Med Student Reflections on 'Black Men in White Coats'

Contributor
School of Medicine

As a Black male medical student passionate about increasing representation in medicine, I knew I had to tune in to the Black Men in White Coats film screening hosted by UCSF Black Men in Medicine on Feb. 11 as part of their Black History Month programming.

The underrepresentation issues this event shed light on, most of which we are all very aware of, were yet another reminder that I am among a select few fortunate enough to be on the path to becoming a physician — a Black male one at that.

More than anything, watching the film strengthened my belief that without intentionality and meaningful action, this disparity will only persist.

Why should you care?

Well, representation affects health outcomes and ultimately saves lives, and consequently, should be a major priority for all of us who care about the communities we serve.

Though the documentary largely focused on the dire lack of Black men in medicine, it also gave significant insight into how we can be part of the solution and work to bridge this ever-widening gap.

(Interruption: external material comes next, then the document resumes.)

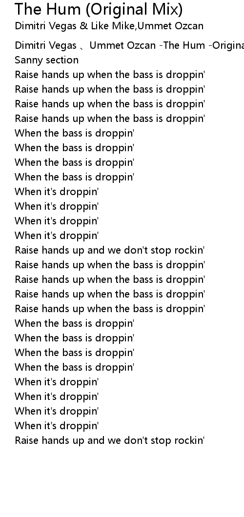 | [00:00.22] | Dimitri Vegas Ummet Ozcan The Hum Original Mix bǎn |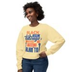 Designed to deliver both warmth and empowerment, this midweight fleece sweatshirt is made from a soft blend of cotton and polyester, ensuring cozy wear whether you’re at a casual gathering, running errands, or relaxing at home. Its vibrant design is not just a graphic—it’s a reflection of bold personality and culture, made for women who speak up and own their space.

Importantly, it first acknowledged that this disparity didn’t just randomly come about and subsequently dove into some of the potential reasons there are so few Black men in medicine.

While the root seems to be multifactorial, there were definitely some overarching themes that were highlighted throughout the film and the panel discussion, which featured Dr. Michelle Albert, Associate Dean of Admissions of the UCSF School of Medicine, Dr. Shawn Hervey-Jumper, Program Co-Director of the UCSF neurosurgery residency program, and other prominent Black UCSF physicians.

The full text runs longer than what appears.